▶ BRIEF:
Exclude the pictures, then quote exactly the lines from the one holding "钢琴谱:《拉德斯基进行曲》C调简单版——老约翰·施特劳斯 [奥]" through the last line of the records.

▶ STORED DATA:
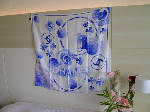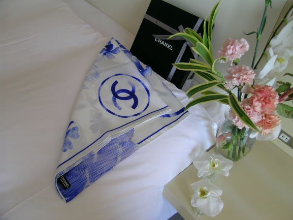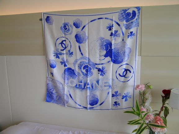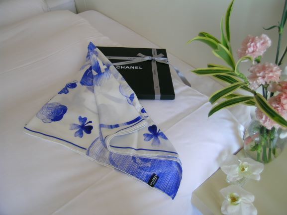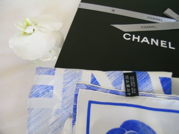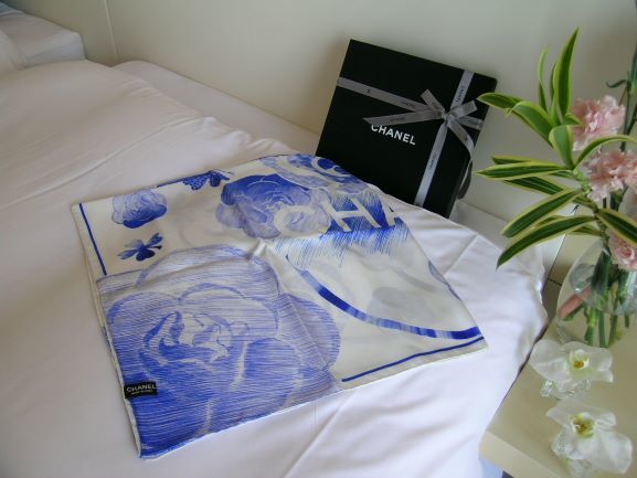★商品名:シャネル・スカーフ花柄・ライトブルー&ホワイト
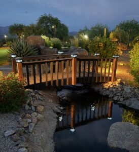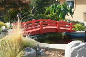 Here is a custom designed 8 foot step bridge looking very nice over a koi pond in Clovis, CA
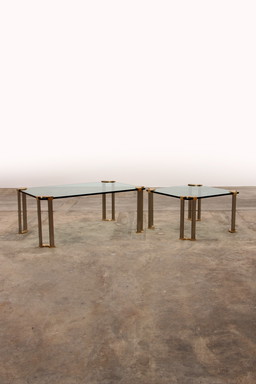 Gallotti & Radice T35 R Juego de mesa baja, Italia 1975, acero inoxidable + cristal
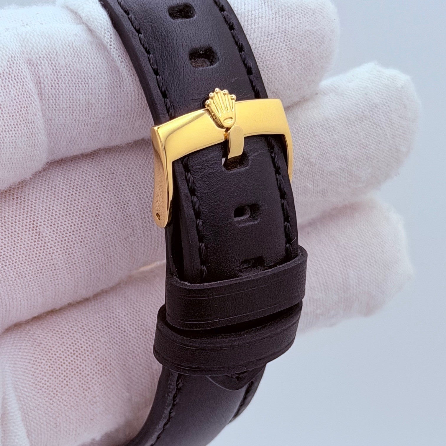 Band: Custom Black Leather Strap with Custom Gold-Plated Buckle
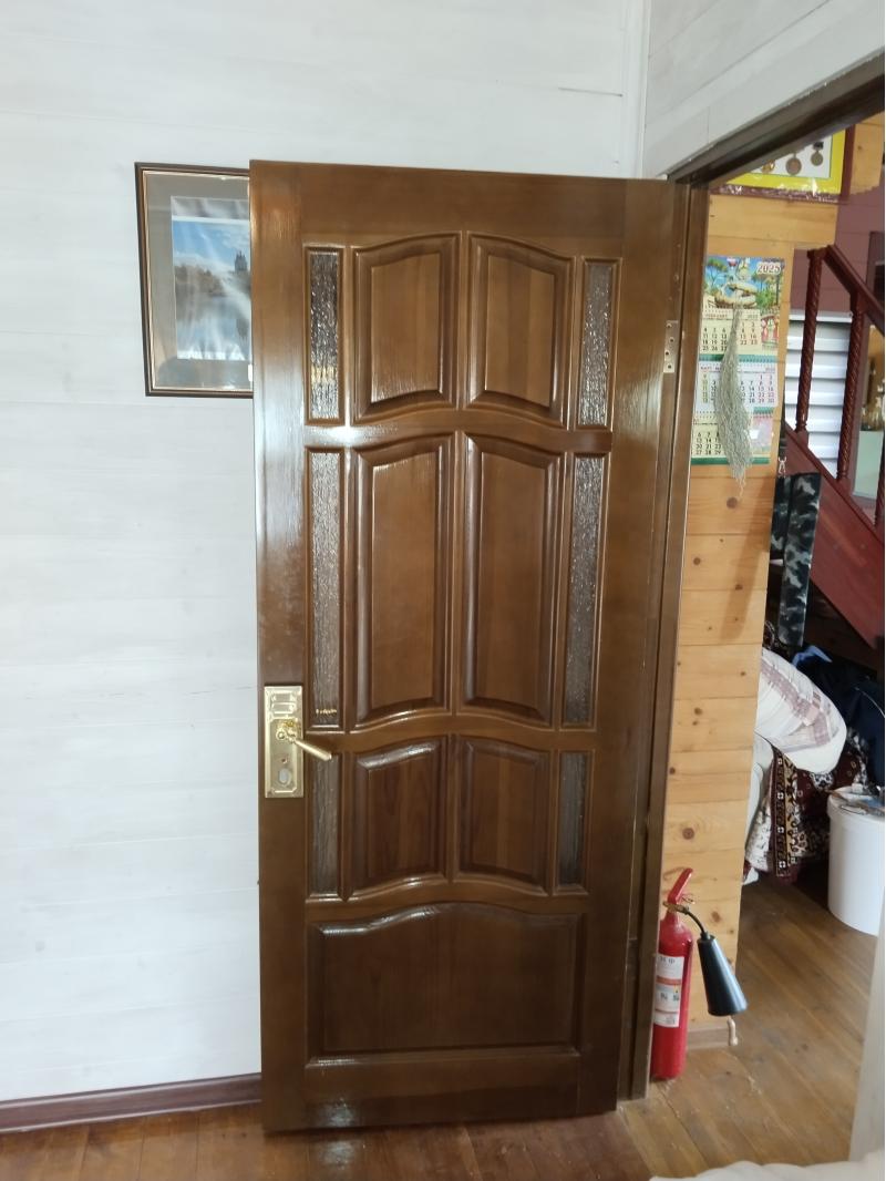 Межкомнатная дверь Межкомнатная дверь из массива дерева, новая, в упаковке, ширина 70см. К двери прилагается того же цвета коробка. На фото продаваемая дверь в упаковке и фото как такая дверь выглядит установленная на неотапливаемой даче. Дверь хорошего качества, хорошей сушки, не из прессованной бумаги, точно не покоробит.
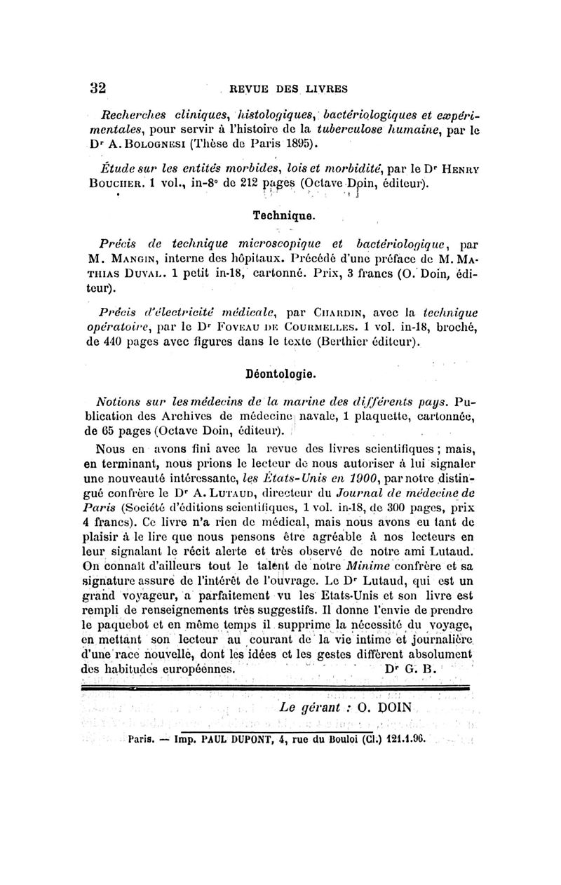 1896, n° 001. - Paris : Doin, 1896.
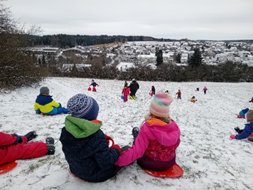 Wie auf dem Weihnachtsmarkt erzählten wir auch ihnen die Geschichte des kleinen Volkes in einem Dorf, die immer eine Kerze bei sich trugen und sich gegenseitig Licht und Wärme schenkten. So brachten wir auch zu den Bewohnern des Seniorenzentrums Licht und Wärme und wurden dafür mit Applaus belohnt. Es war beeindruckend, wie sehr die Senioren auf den Gesang der Kinder reagierten und sich die Gesichter aufhellten. Das hat uns besonders gefreut. Wir waren aber auch sehr stolz auf das Durchhaltevermögen unserer Kinder, denn wir erzählten die Geschichte vom Licht in allen drei Wohnbereichen des Hauses. Danach durften wir uns mit Butterbrezeln stärken und sagen allen Mitarbeitern des Seniorenzentrums ein herzliches Dankeschön für den Empfang und die Verpflegung.
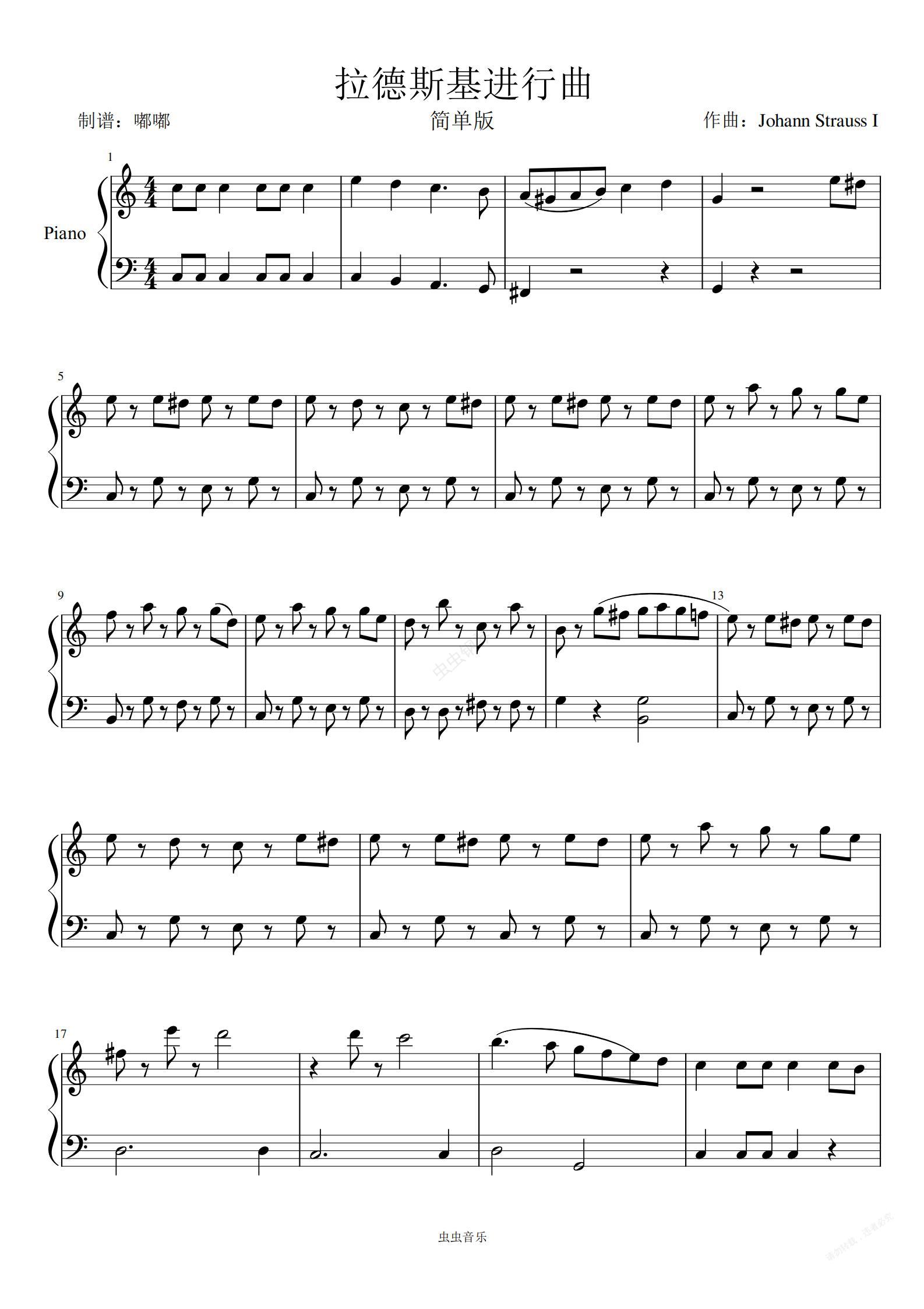 钢琴谱:《拉德斯基进行曲》C调简单版——老约翰·施特劳斯 [奥]
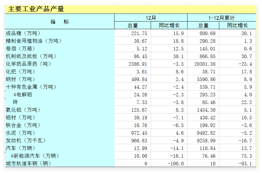 全区工业生产数据
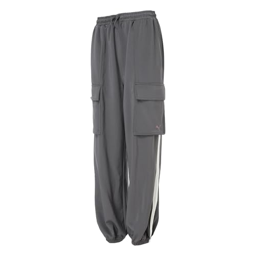 プーマのトレーニングジムスタジオ用ロングパンツ。速乾素材を使用したTRN EDGEパンツ、527993。レディース用で、25年秋冬カラーのダスキーグレー(44)が特徴です。快適なフィット感でトレーニングをサポート。

▶ EXERCISE SOLUTION:
 钢琴谱:《拉德斯基进行曲》C调简单版——老约翰·施特劳斯 [奥]
 全区工业生产数据
 プーマのトレーニングジムスタジオ用ロングパンツ。速乾素材を使用したTRN EDGEパンツ、527993。レディース用で、25年秋冬カラーのダスキーグレー(44)が特徴です。快適なフィット感でトレーニングをサポート。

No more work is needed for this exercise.